##### Dataset extract #####

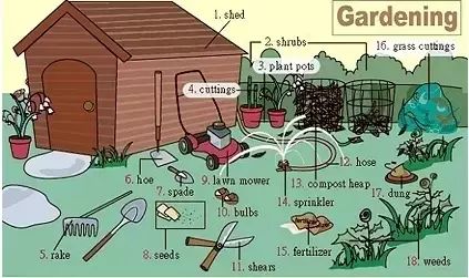 1.shed 小屋2.shrubs 灌木丛3.plant pots 花盆4.cuttings 插条5.rake 耙6.hoe 锄7.spade 铲8.seeds 种子9.lawn mower 割草机10.bulbs 鳞茎11.shears 大剪刀12.hose 软管13.compost heap 堆肥堆14.sprinkler 洒水器15.fertilizer 肥料16.grass cuttings 碎草屑17.dung 粪18.weeds 杂草16.农场
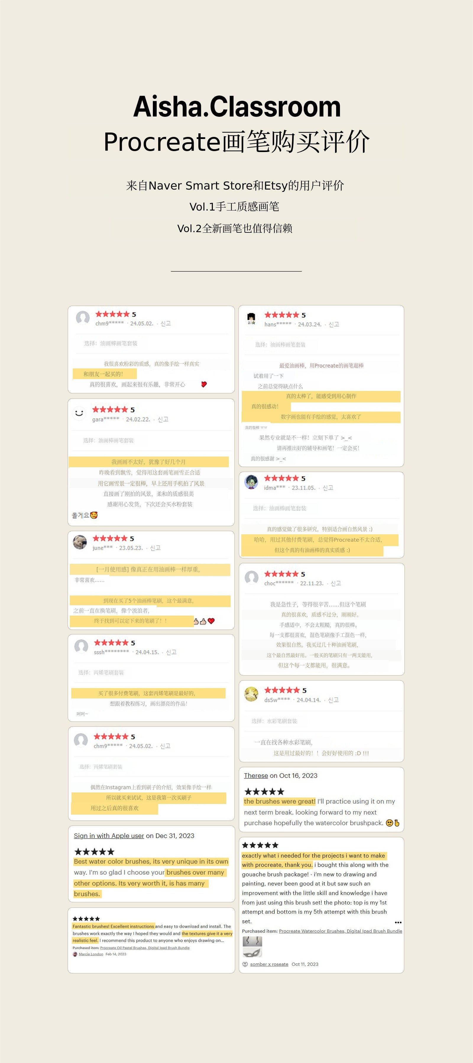 Aisha Brush Set Vol.1 & Vol.2 所有画笔的感性与质感
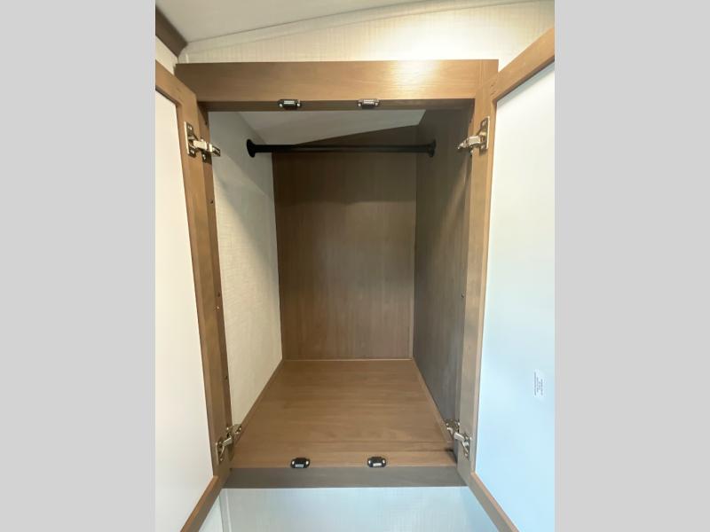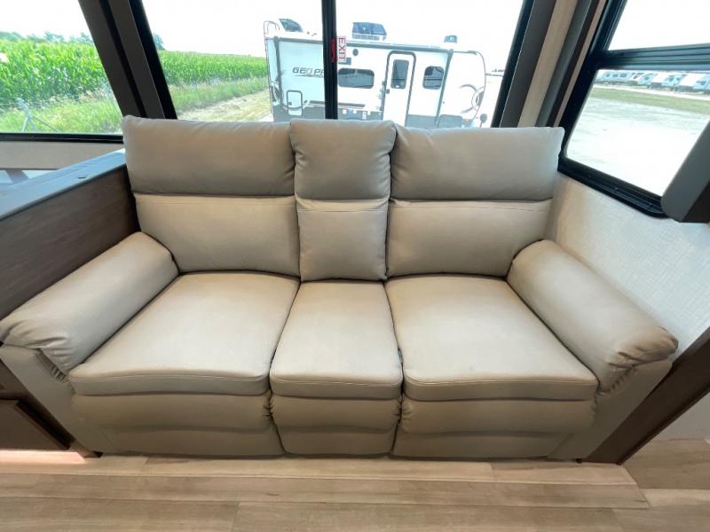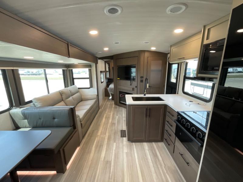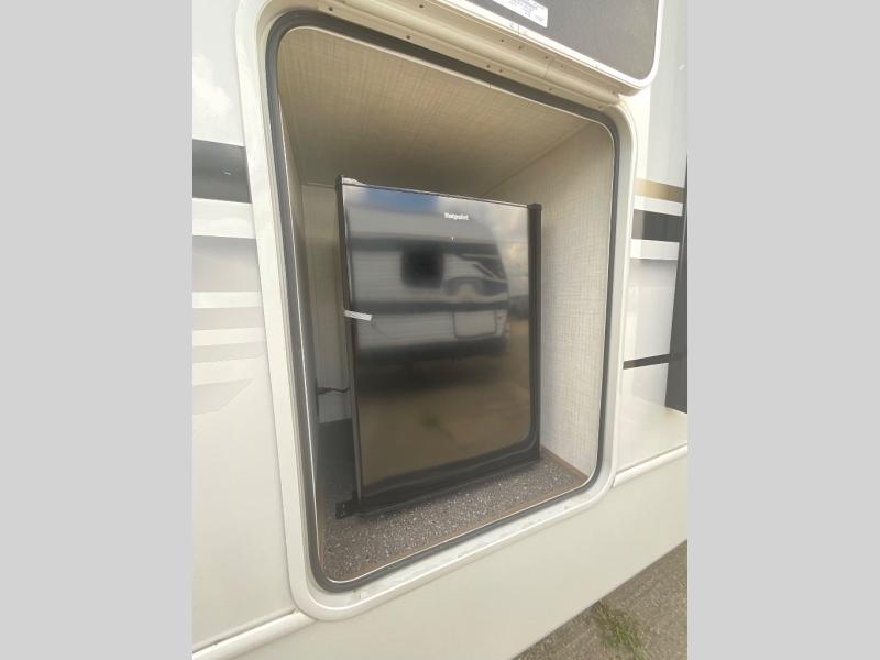 With dual entry doors in this travel trailer, you can enter in through the main living area or the full bath for convenience! Once inside, the sleeper sofa and booth dinette provide places to relax, eat, and play games, plus there is an entertainment center with hidden storage behind to keep movies organized. A full kitchen with a three burner cooktop and 12V refrigerator will allow you to cook and store food, or you can head outdoors to use the outdoor kitchen prep area. There is also drop-frame storage outside for fishing poles and hiking gear, and the 21' electric awning provides shade as you relax. When it's time to call it a night, the king bed in the front private bedroom is sure to bring comfort, while the little ones take the double-size bunks, and any other guests can sleep on the living room furniture!

#####

What the task requires |
Once the pictures are set aside, retype the rest of the listing exactly.

Written response |
 1.shed 小屋2.shrubs 灌木丛3.plant pots 花盆4.cuttings 插条5.rake 耙6.hoe 锄7.spade 铲8.seeds 种子9.lawn mower 割草机10.bulbs 鳞茎11.shears 大剪刀12.hose 软管13.compost heap 堆肥堆14.sprinkler 洒水器15.fertilizer 肥料16.grass cuttings 碎草屑17.dung 粪18.weeds 杂草16.农场
 Aisha Brush Set Vol.1 & Vol.2 所有画笔的感性与质感
 With dual entry doors in this travel trailer, you can enter in through the main living area or the full bath for convenience! Once inside, the sleeper sofa and booth dinette provide places to relax, eat, and play games, plus there is an entertainment center with hidden storage behind to keep movies organized. A full kitchen with a three burner cooktop and 12V refrigerator will allow you to cook and store food, or you can head outdoors to use the outdoor kitchen prep area. There is also drop-frame storage outside for fishing poles and hiking gear, and the 21' electric awning provides shade as you relax. When it's time to call it a night, the king bed in the front private bedroom is sure to bring comfort, while the little ones take the double-size bunks, and any other guests can sleep on the living room furniture!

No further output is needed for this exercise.